A dozen Eastern students chose to spend their Saturday evening on Sept. 12 at a different type of celebration.
As part of his Heritage of Islam class, Dr. Andrew Bush takes some students to Villanova’s Foundation for Islamic Education each year to experience Ramadan firsthand.
The feast began immediately after the fourth of five prayer cycles, which occurs daily at sunset. The fourth prayer cycle also marks the end of fasting each day during Ramadan.
Muslims fast from sunrise to sunset during the 30-day celebration.

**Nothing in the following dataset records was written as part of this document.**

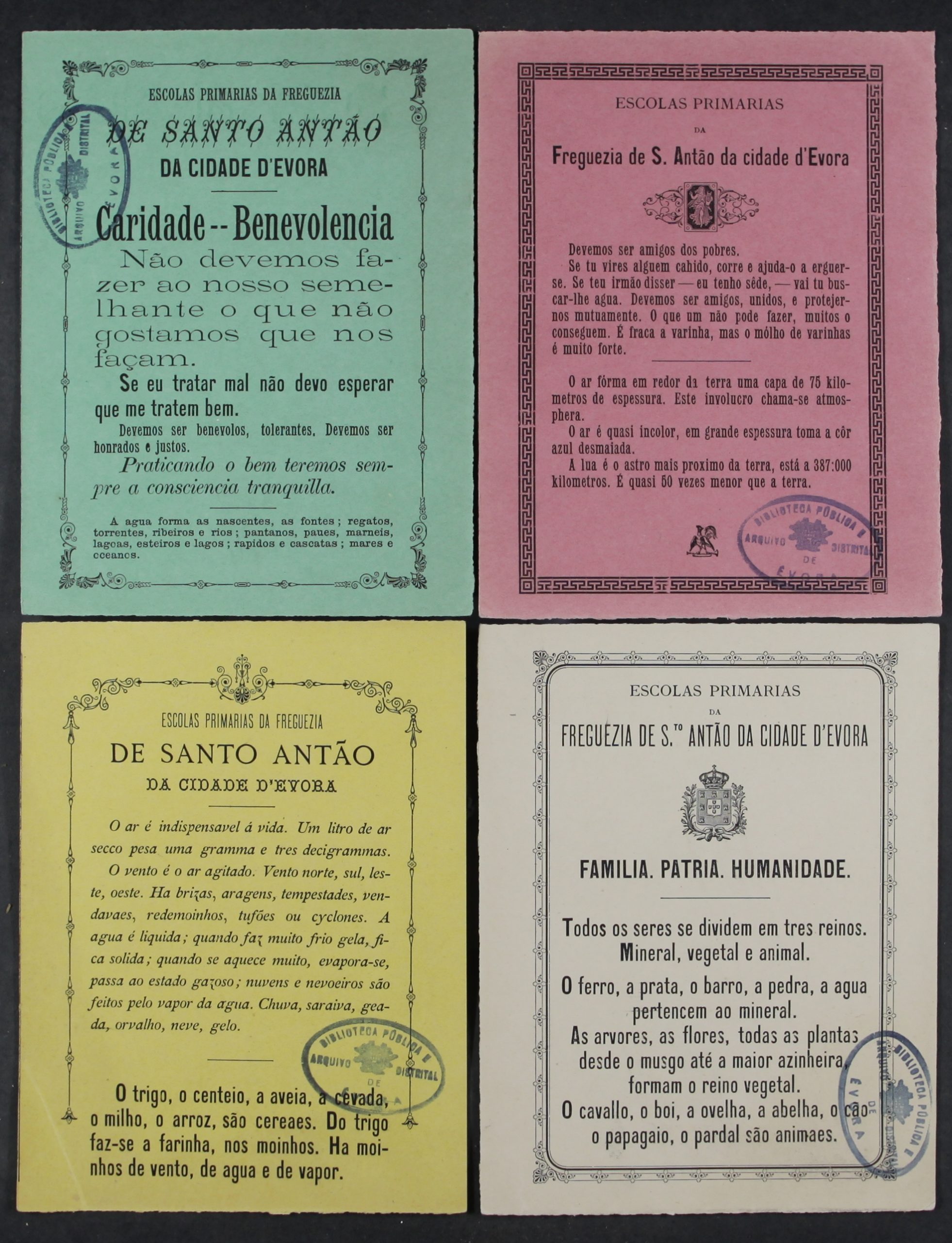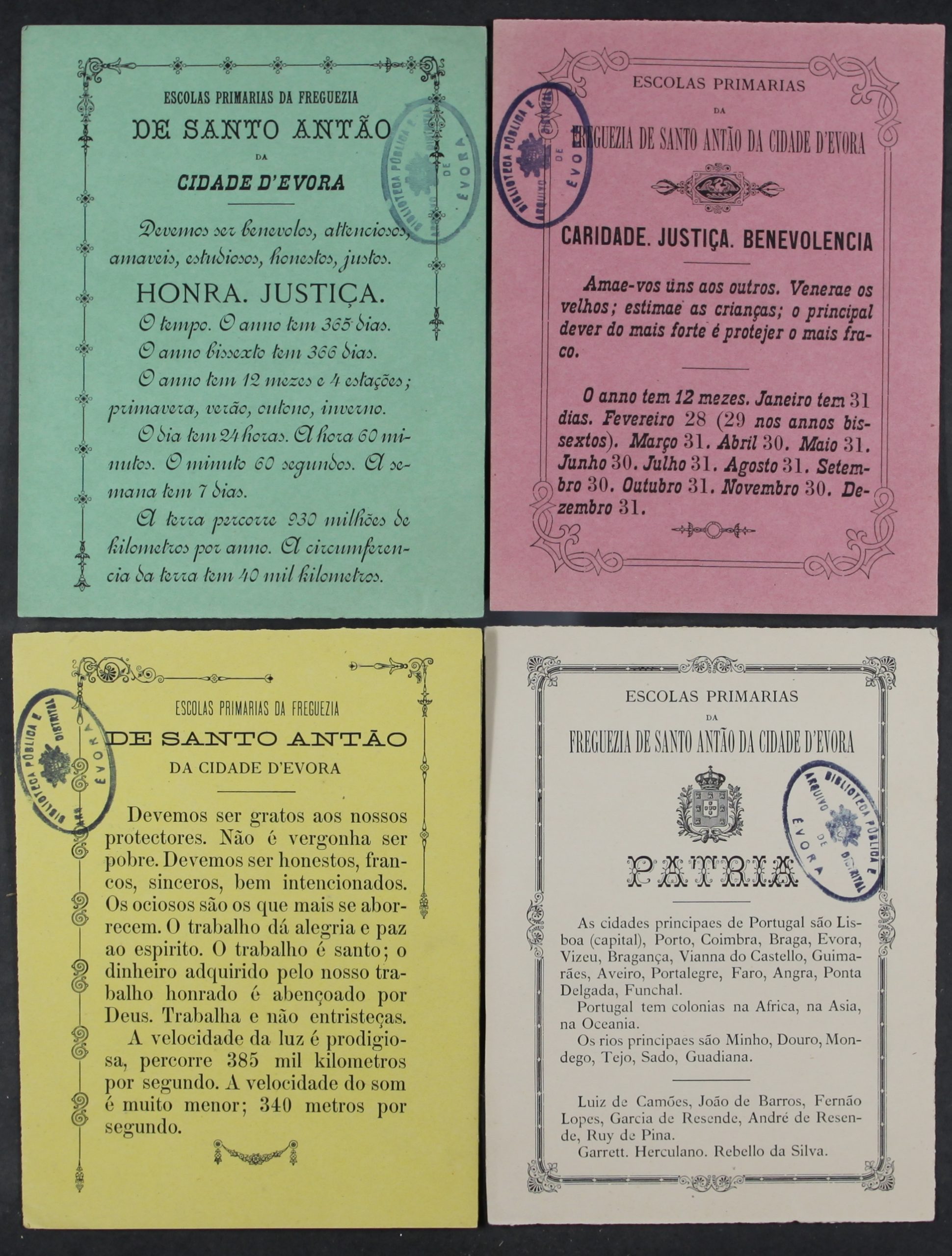 Os documentos que destacamos no mês de janeiro são os materiais de apoio com conteúdos das disciplinas de Educação/Civilidade, Moral, Religião, História e Geografia, ensinadas nas Escolas Primárias da freguesia de Santo Antão da cidade de Évora. As mesmas não se encontram datadas nem fazem referência à tipografia em que foram impressas, o que torna difícil identificar o período em que serviram nas aulas. Presumimos que sejam do séc. XIX, tendo em conta os conteúdos das mesmas e o design das cercaduras das fichas muito utilizadas pelas tipografias da época.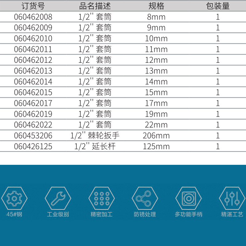 铬钒钢,垫镀铬,带塑料嵌入件的金属盒包装,四方套筒1/2寸规格:8-22mm。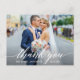 Tarjeta postal de agradecimiento de foto de boda de novia y novio con caligrafía moderna - Script blanco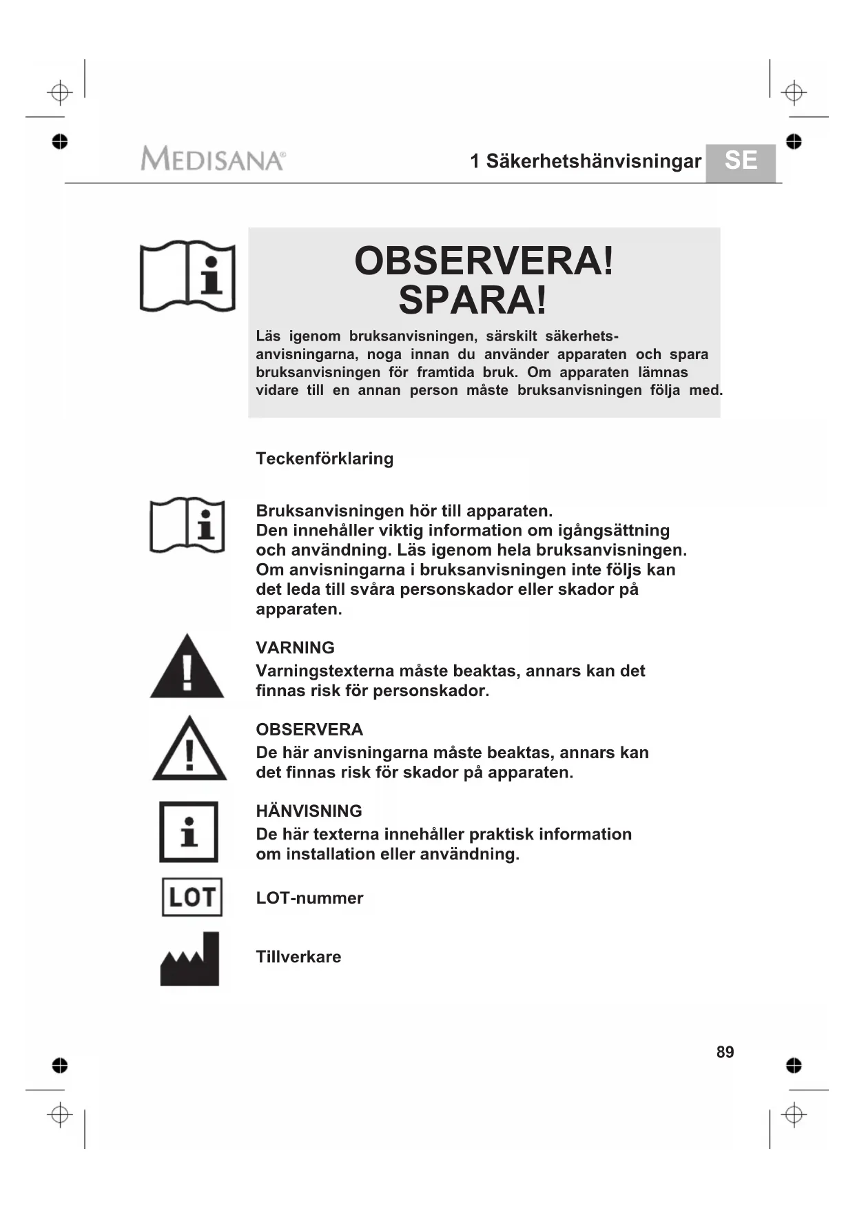 1 Säkerhetshänvisningar OBSERVERA! SPARA! Bruksanvisningen hör till apparaten. Den innehåller viktig information om igångsättning och användning. Läs igenom hela bruksanvisningen. Om anvisningarna i bruksanvisningen inte följs kan det leda till svåra personskador eller skador på apparaten. VARNING Varningstexterna måste beaktas, annars kan det finnas risk för personskador. OBSERVERA De här anvisningarna måste beaktas, annars kan det finnas risk för skador på apparaten. HÄNVISNING De här texterna innehåller praktisk information om installation eller användning. Tillverkare Läs igenom bruksanvisningen, särskilt säkerhets- anvisningarna, noga innan du använder apparaten och spara bruksanvisningen för framtida bruk. Om apparaten lämnas Teckenförklaring vidare till en annan person måste bruksanvisningen följa med. LOT-nummerSE 1 Säkerhetshänvisningar

Nothing can enter their mouths, which means no water or chewing gum.
After breaking their fasting by eating dates and drinking milk or juice, the group entered into prayer.
Junior Alexander Kautardze, an international student from Georgia, chose to participate in the prayer session.

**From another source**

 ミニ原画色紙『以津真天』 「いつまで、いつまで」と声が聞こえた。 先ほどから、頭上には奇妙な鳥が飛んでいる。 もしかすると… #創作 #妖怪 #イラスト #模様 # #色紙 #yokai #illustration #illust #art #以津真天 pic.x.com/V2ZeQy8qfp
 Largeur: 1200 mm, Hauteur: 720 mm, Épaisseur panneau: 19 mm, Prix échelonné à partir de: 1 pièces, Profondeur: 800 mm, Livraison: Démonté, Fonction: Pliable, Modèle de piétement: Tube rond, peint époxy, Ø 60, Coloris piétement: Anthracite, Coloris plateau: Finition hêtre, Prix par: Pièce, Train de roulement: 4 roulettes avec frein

“It’s actually a really great experience because it helps one connect with the people,” Kautardze said.
After the prayer, the group moved to a neighboring gymnasium for the Ramadan feast that included lamb, chicken, rice and baklava.
While eating, the students mingled with the Muslims, who eagerly answered questions about their faith and practices.

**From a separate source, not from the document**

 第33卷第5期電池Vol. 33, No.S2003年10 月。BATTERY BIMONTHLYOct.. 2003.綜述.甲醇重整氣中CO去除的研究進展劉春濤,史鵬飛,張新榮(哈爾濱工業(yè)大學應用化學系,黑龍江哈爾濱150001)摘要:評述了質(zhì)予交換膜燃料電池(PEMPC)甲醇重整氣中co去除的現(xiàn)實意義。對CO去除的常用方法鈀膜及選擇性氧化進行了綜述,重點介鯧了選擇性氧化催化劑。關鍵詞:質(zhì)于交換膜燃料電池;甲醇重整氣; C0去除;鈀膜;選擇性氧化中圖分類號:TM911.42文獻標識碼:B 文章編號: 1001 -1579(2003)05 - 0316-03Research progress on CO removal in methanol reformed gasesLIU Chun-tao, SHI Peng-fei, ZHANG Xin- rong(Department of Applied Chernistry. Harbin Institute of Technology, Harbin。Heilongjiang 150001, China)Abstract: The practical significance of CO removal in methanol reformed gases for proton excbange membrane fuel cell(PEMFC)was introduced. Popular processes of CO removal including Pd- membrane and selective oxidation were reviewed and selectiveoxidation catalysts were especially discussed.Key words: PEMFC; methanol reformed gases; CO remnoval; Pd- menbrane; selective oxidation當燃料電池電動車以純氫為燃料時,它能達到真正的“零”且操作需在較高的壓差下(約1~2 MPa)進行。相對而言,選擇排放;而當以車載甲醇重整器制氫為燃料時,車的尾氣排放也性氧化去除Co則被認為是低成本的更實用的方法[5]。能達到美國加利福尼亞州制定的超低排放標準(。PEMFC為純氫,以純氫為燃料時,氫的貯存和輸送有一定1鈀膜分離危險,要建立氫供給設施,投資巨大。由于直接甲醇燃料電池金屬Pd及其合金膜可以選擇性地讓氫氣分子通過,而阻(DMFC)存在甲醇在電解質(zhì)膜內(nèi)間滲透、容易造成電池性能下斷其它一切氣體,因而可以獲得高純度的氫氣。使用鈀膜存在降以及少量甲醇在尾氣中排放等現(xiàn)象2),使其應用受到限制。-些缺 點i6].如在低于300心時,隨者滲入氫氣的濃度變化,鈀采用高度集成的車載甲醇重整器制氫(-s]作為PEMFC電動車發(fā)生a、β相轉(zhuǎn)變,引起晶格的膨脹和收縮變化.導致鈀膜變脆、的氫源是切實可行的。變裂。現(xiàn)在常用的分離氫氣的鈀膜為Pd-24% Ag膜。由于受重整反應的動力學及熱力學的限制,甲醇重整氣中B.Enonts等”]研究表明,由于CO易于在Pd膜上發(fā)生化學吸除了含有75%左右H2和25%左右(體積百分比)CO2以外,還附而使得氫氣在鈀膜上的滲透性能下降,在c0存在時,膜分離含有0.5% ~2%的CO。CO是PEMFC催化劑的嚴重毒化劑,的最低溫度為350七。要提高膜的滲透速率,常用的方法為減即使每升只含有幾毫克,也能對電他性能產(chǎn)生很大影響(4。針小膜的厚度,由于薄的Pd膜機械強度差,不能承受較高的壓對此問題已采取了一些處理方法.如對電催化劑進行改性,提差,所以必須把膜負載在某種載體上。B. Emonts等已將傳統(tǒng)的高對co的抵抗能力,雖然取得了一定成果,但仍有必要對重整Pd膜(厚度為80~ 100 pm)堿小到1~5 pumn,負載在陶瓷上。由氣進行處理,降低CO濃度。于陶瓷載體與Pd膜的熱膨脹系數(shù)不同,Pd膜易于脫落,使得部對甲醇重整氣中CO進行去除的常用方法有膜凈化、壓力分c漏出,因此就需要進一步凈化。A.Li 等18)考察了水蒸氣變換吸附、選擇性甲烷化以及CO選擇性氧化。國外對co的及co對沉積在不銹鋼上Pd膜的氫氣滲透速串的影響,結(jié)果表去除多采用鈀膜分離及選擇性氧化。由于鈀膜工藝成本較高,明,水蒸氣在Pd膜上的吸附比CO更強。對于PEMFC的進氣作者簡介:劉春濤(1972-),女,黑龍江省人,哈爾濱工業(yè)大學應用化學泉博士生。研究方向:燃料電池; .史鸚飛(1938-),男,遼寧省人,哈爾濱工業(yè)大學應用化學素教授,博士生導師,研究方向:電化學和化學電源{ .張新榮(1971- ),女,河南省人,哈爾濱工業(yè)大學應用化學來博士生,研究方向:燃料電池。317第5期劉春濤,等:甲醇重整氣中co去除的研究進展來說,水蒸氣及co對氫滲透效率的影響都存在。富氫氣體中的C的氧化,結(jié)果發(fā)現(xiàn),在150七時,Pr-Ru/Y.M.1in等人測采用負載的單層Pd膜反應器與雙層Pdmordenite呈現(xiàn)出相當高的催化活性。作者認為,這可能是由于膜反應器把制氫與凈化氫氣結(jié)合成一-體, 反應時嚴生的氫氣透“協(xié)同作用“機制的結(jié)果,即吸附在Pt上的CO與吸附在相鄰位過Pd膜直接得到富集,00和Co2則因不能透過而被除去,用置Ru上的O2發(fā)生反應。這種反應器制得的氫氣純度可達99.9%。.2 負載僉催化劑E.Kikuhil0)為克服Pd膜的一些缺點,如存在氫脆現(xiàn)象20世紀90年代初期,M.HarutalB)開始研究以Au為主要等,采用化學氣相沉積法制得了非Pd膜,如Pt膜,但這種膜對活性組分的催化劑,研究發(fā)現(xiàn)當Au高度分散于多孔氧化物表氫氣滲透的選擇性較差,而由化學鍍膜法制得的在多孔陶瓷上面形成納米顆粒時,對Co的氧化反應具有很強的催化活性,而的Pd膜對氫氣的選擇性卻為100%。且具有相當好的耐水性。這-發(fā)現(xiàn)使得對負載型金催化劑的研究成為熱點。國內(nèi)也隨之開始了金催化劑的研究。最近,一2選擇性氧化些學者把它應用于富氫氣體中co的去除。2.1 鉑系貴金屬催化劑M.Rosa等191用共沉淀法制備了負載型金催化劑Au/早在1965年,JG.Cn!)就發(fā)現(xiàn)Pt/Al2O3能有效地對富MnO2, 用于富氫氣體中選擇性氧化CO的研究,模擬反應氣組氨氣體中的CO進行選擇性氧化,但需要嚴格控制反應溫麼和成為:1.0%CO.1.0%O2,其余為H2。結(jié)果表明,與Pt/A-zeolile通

Cindy Elayoubi, a graduate student at Temple, said her family moved to the United States from Egypt before she was born.
The main difference, Elayoubi said, is that when it is Ramadan in the Middle East, everything adjusts. Schools do not begin until after Ramadan and work shifts are shortened.
Many Muslims begin partaking in Ramadan before they reach puberty, with many eager to share that they can fast for an entire day.
“The youth are very proud of their, faith, which is surprising,” senior Chris Hamilton said. “Christian youth aren’t always as proud and devoted to it. As a youth ministries major, it was cool to see.”